Şimdi şöyle bir geriye son 2-3 yıldır yaşadıklarıma bakınca 2017 Kasım’da prestijli ve yüksek maaşlı işimden; oradaki kimliğimden ayrılmam, bana bu geçici ebeveynden de ayrılarak, kendimi “ona adamak” yerine kendime adayarak kendimle tanışma alanı yaratmamı sağlamış. Çok kolay olduğunu söyleyemem. Bu ihtiyacımı anlayıp, karar alıp uygulamam seneler sürdü. Şimdi, “kurumsal hayat” tan ayrılmanın neden bu kadar zor olduğunu ve bazı insanların neden düşünmeye bile cesaret edemediklerini daha da iyi anlıyorum…
İnsan iç sesini dinledikçe, özgürleşme ihtiyaçlarını duymaya ve bağımlı ilişkilerini fark edip, bağımlılıklarından ayrılmaya cesaret edebiliyor. Bu demek değil ki, herkes yalnız yaşasın. İhtiyaç; bağımlı olmadan bağda kalabilmek. Yani her gün her saniye birlikte geçirmeden de o kişinin varlığını, ilişkiyi hayatında hissetmek/hissettirmek, samimi ve birbirine olduğu gibi olabilmek için alan tanımak.

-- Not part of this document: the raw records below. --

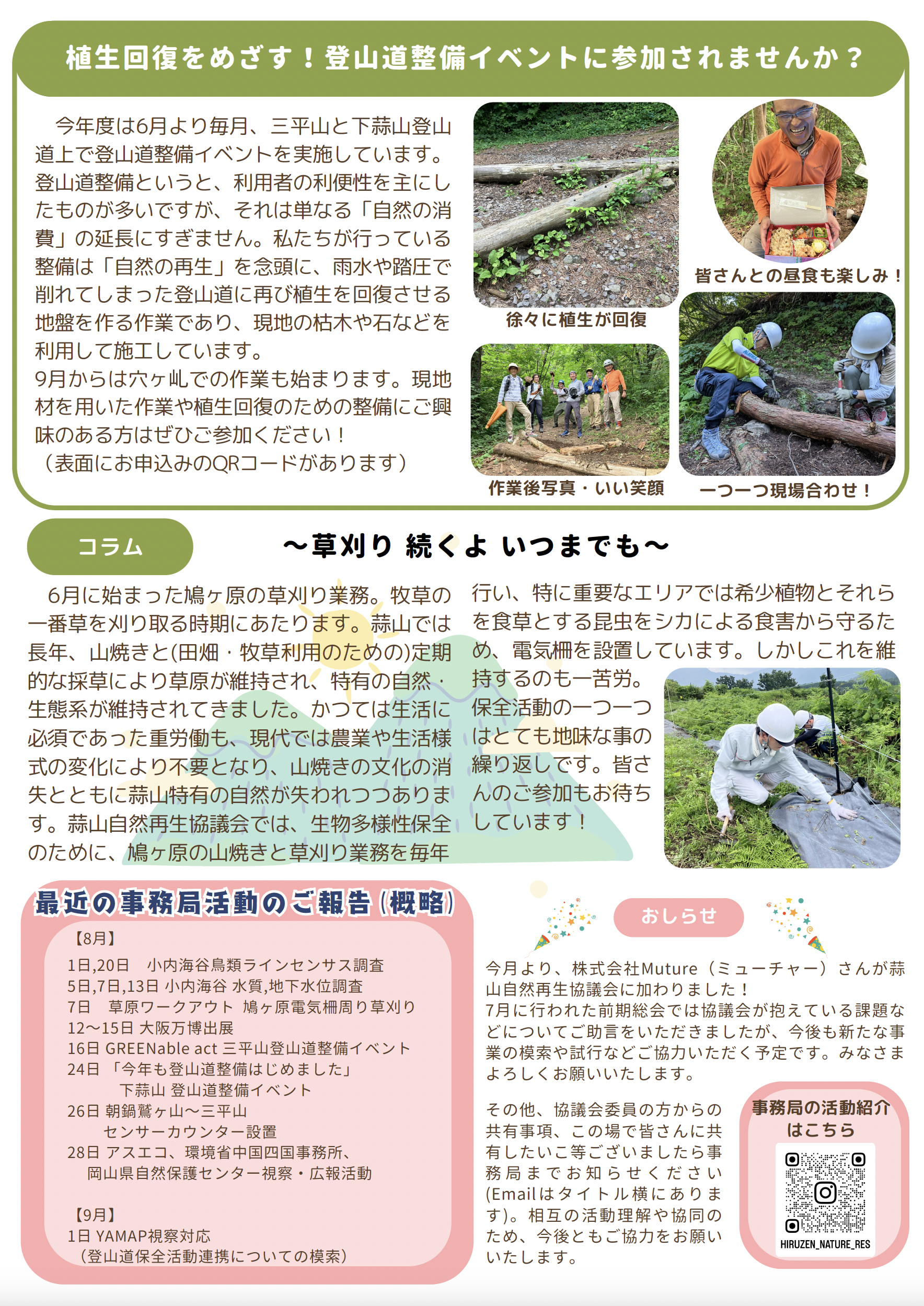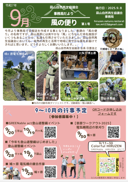 蒜山自然再生協議会においても、自然の再生と活用で、地域に爽やかな風をお届けできればと思います!
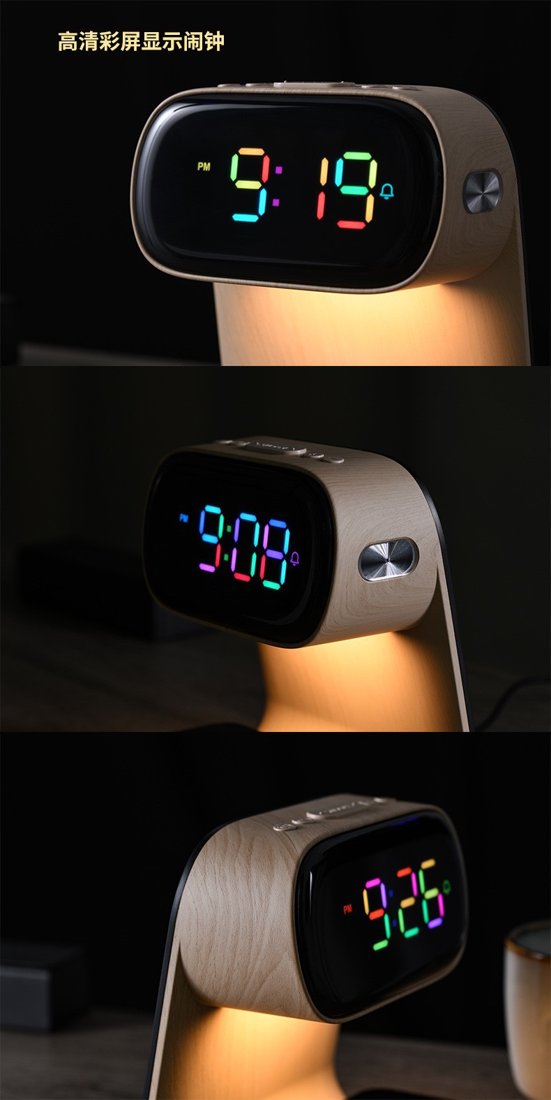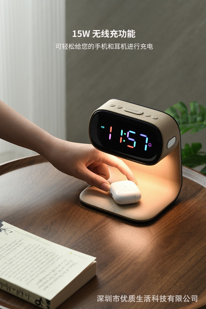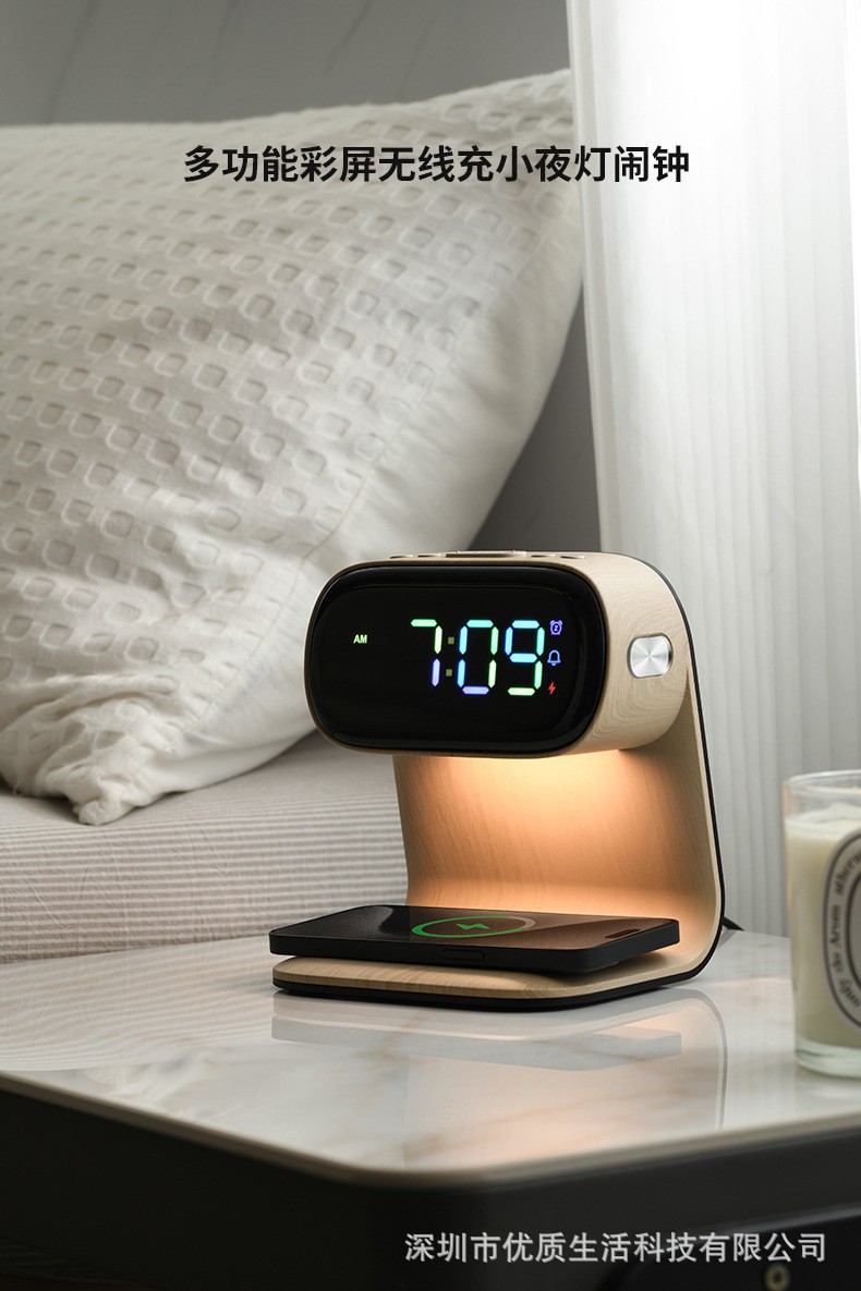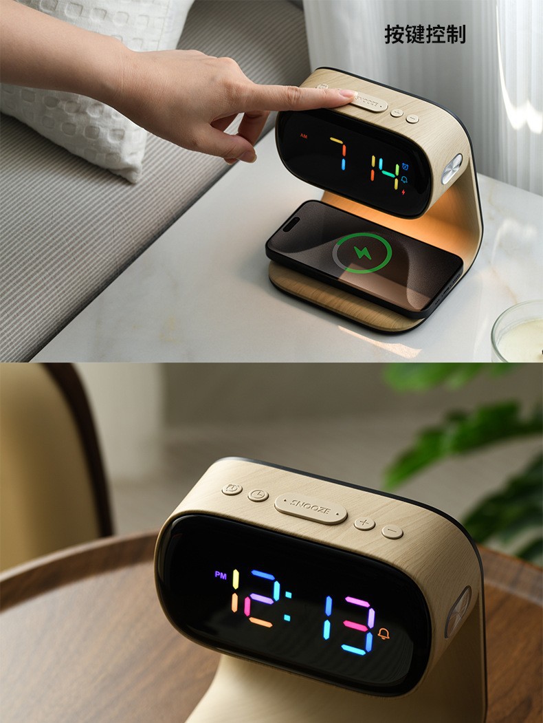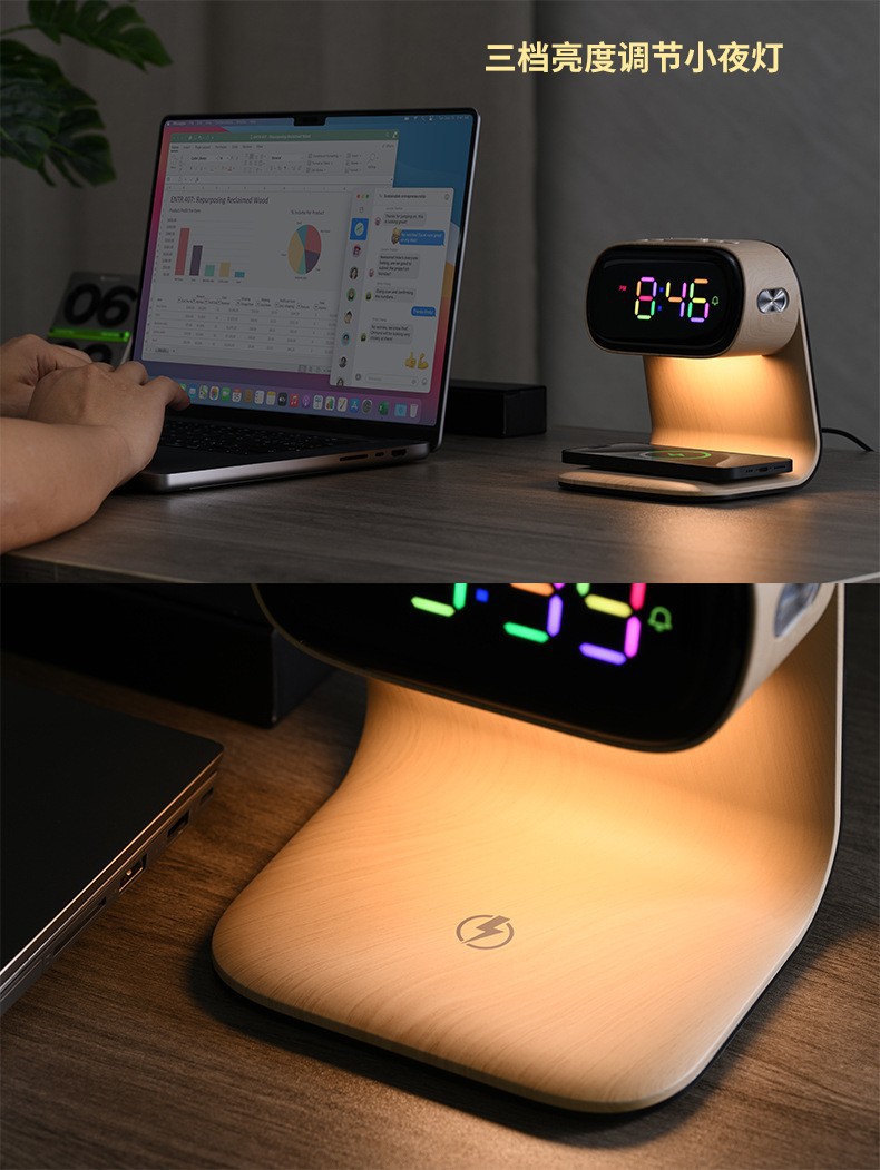 | Atributo 3 | Faro de cama de carga inalámbrica de grano de madera |
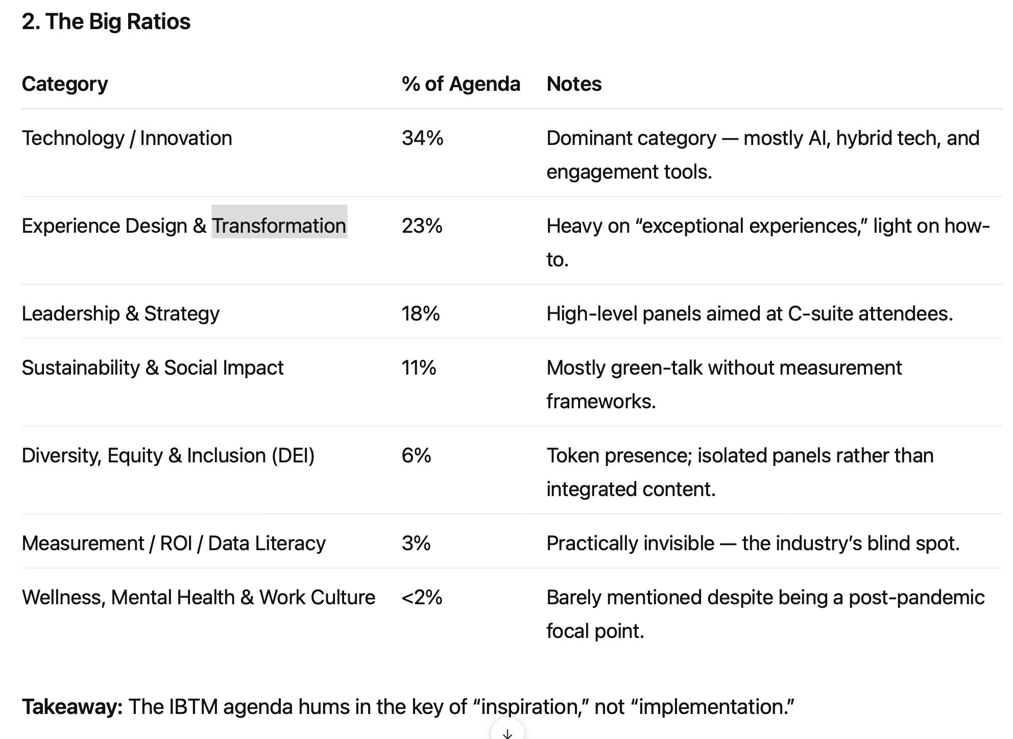 So I did exactly that. I downloaded the publicly available IBTM World 2025 education schedule and ran it through a series of AI-assisted text analysis tools. Each was asked not to summarize, but to analyze the tone, frequency, and omissions—to see what the language of the sessions says about the state of the industry itself.

Bu konuya nasıl geldim? Korona olayları başladığında ve 65 yaş üstüne sokağa çıkma yasağı gelince ilk 3 hafta “annem ve babamın bana ihtiyaçları var, onların yanında olmam lazım” düşüncesiyle onlarla birlikte geçirdim. Sonra kendimi iyi hissetmemeye başlayınca; önemli bir şeyler eksik, galiba evime gitmeye ihtiyacım var diyerek kendi oturduğum eve geri geldim. İşte o zaman ışık yandı; derinde “KENDİ KENDİME YETEBİLİR MİYİM?” endişesiyle de onların yanında kaldığımı fark ettim. Ve bu durum kendime “kendi kendime yetebildiğimi” ispatlamak için fırsat verdi. Bana uzun süredir üzerinde çalıştığım “ebeveynlerimden sağlıklı olarak ayrılma” yolumda KOCAMAN bir adım attırdı.
Evden ayrılmak, hatta yurtdışında yaşamak insanın ebeveyni ile olan göbek bağını ayırması demek değilmiş. Bunu tam olarak algılayabilmem için bu yeni düzende, bu özel hali deneyimlemem gerekiyormuş. Bu deneyim de benim için, tüm bu derin ve temel konuları yüzeye çıkardı. Cesaretimi toplayarak bakınca, konular bağımsızlaşabilmem için araç oldular. İyi ki de çıkarmış, ki şifalanma imkânı buldum.
Kendi kendine yetmek kavramının sadece fiziksel değil, duygusal ve ruhsal ihtiyaçlarını da karşılamak olduğunu böylece daha iyi kavradım.
Çok şükür…
Bu özel günlerde, hepimizin kendimize özgü yaşadığımız hal ne olursa olsun, bu hallerin bizler için orada olduğunu hatırlayalım.
Herkese bol şifalanmalar diliyorum.
Bu yazıyı Korona günlerinde ailesini merak ederek, kendi evinde geçirenlere sevgiyle adıyorum.